Evolution of Footwear

New research suggests humans started wearing some sort of shoes about 40,000 years ago. But the existence of footwear can be dated back to about 10 million years ago. Early humans used materials in their natural form to create some sort of protection for their feet. They wrapped their feet with animal skin and dried leaves they obtained from the wild.

As civilisations began to develop, Egyptians developed thong sandals (antecedent to modern flip flop) but still preferred to walk barefoot. However, they did make use ‘sole less’ sandals which did not provide protection for their feet. Espadrilles were developed in the Middle Ages and were worn in the Pyrenees. They originated from the Catalonian region of Spain in the 13th century.
By the 15th century, Pattens (antecedents to modern high heeled shoes) had become popular in Europe. Also during the 15th century, Chopines were created and was used to define status, symbol and social standing. Royalties such as Catherine de Medici and Mary I of England wore them in the 16th century.

Since the 17th century, modern shoe with the sewn-on sole has been in existence while in the mid 20th century, materials like rubber, plastics, cloths and industrial adhesives have allowed manufacturers produce shoes better than the early shoes made from traditional crafting techniques.

Modern technology has allowed us to produce shoes fit for purpose and for specific activities. There are a wide variety of different types of shoes such as athletic shoes, stilettos, leather shoes, slip-on and safety footwear.

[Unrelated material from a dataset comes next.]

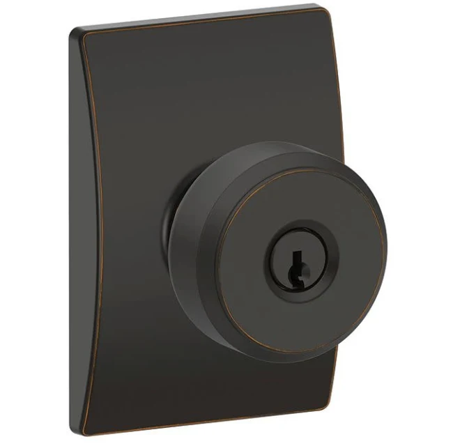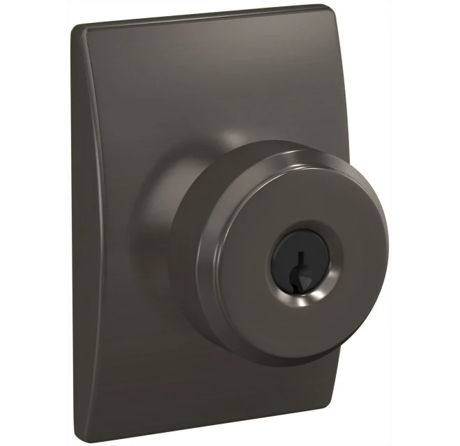 Keyed Entry (Single Cylinder) Function: Single cylinder keyed entry door hardware is locked and unlocked from the exterior using a key and can be locked and unlocked from the interior using the locking mechanism. Perfect for securing entrances, side doors, and anywhere else that needs a bit more security.

Safety footwear are very essential in an industrial and construction work environment. They protect workers feet from falling objects or compression. They comprise of steel toe cap, electrical resistance (conductive and anti-static), insulation (against cold and heat), and water penetration resistance. Also, they come in styles including safety boots, safety shoes and work boots.

Now we can carry out our daily activities knowing that we have some sort of protection for our feet. The sky is the limit to the improvements on the welfare of mankind.